■ WORK REQUEST: Write out word for word each line from the top of the material through the line that has "Ищет дом строгая". Pictures do not go in.

■ AVAILABLE DATA:
****************

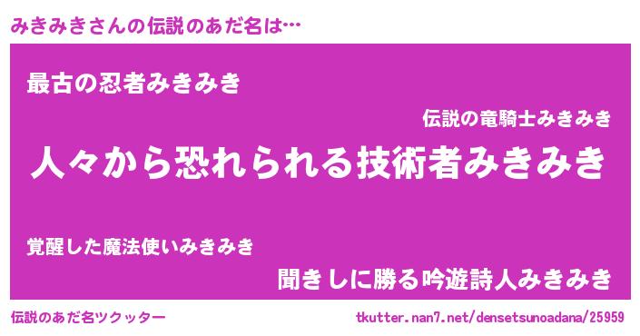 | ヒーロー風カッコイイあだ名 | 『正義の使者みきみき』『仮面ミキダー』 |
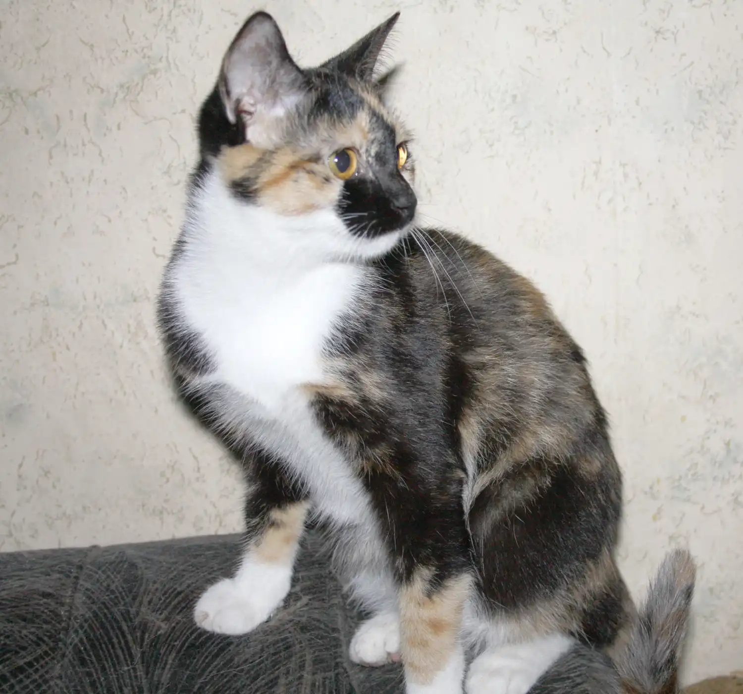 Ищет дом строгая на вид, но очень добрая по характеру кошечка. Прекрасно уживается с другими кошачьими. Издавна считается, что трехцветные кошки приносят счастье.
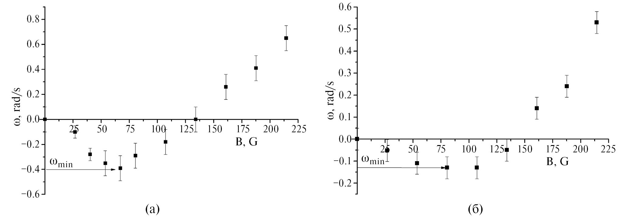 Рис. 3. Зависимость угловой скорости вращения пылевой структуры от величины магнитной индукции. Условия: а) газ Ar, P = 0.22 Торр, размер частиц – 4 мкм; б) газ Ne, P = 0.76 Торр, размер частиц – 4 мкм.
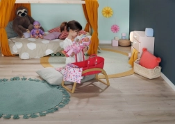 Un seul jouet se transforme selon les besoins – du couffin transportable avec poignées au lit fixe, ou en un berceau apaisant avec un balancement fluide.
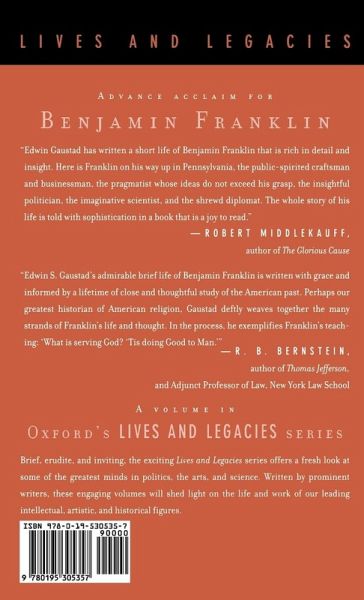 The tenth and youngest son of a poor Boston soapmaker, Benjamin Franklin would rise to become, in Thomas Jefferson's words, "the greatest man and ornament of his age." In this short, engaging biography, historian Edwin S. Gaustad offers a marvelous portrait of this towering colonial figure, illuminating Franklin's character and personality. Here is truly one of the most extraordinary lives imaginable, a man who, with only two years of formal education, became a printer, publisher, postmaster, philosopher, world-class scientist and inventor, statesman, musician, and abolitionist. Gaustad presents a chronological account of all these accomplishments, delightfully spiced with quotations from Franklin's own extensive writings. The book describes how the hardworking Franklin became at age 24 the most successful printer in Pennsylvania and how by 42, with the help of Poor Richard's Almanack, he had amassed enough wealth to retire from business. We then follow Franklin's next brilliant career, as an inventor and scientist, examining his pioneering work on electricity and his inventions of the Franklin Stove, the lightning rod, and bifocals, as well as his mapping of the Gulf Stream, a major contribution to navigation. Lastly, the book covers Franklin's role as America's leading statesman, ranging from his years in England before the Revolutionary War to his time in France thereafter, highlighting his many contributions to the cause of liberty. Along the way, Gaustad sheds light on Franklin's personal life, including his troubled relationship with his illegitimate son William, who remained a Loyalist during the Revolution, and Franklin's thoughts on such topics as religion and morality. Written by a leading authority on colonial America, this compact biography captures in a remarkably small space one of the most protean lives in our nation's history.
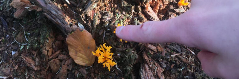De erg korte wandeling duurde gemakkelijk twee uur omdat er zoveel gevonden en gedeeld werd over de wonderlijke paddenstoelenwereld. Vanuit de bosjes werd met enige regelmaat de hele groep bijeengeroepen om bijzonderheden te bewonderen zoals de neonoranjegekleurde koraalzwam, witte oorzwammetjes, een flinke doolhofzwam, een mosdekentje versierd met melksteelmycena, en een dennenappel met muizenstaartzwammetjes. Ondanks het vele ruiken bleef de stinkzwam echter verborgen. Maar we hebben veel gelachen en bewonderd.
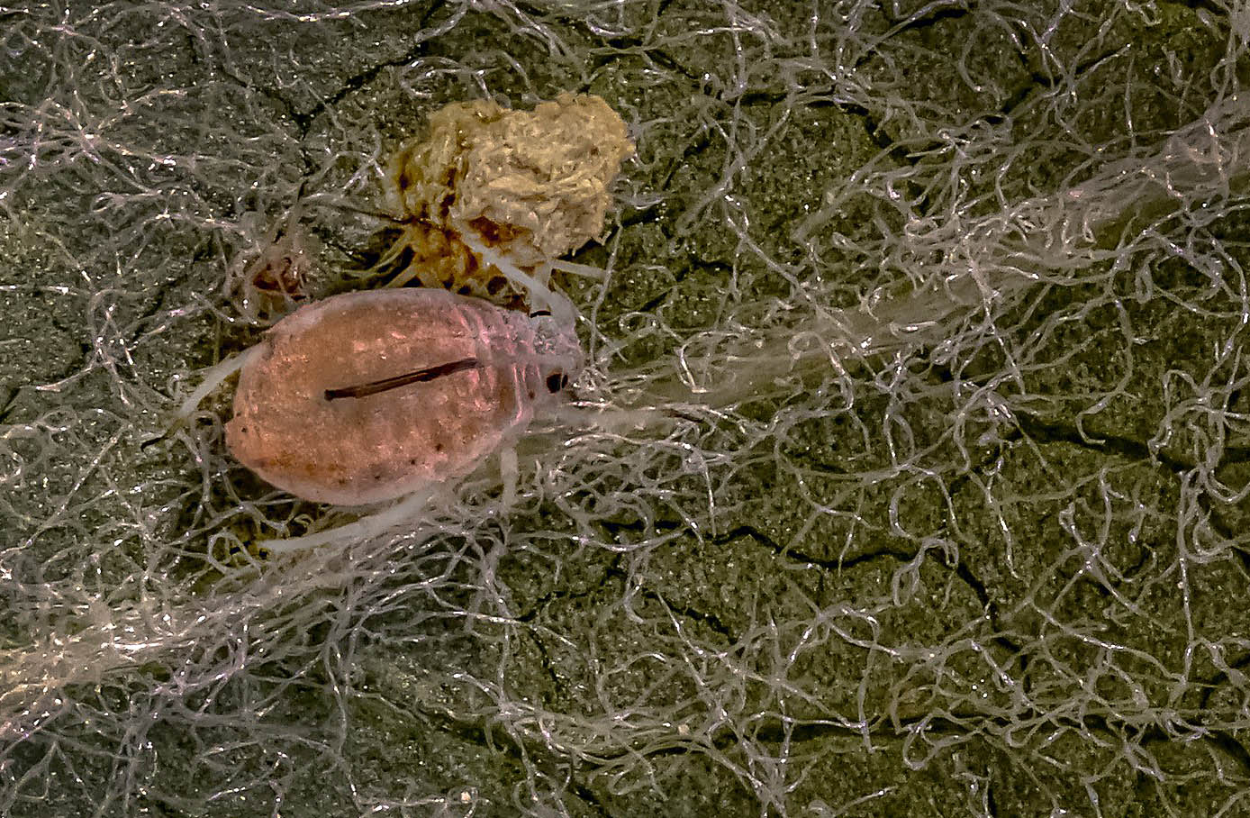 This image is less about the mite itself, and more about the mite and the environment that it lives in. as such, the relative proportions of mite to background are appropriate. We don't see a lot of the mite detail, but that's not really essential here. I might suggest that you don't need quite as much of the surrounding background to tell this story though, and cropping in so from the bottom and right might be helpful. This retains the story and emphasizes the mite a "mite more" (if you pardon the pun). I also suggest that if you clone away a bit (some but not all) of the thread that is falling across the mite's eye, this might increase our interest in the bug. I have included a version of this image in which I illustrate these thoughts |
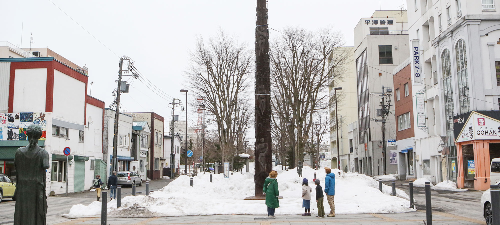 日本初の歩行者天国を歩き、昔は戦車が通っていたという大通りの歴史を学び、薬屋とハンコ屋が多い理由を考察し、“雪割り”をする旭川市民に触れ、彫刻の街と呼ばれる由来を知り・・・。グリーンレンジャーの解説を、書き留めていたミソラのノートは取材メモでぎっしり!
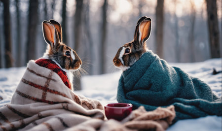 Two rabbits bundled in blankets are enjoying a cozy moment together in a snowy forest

****************

■ EXERCISE RESULT:
 | ヒーロー風カッコイイあだ名 | 『正義の使者みきみき』『仮面ミキダー』 |
 Ищет дом строгая на вид, но очень добрая по характеру кошечка. Прекрасно уживается с другими кошачьими. Издавна считается, что трехцветные кошки приносят счастье.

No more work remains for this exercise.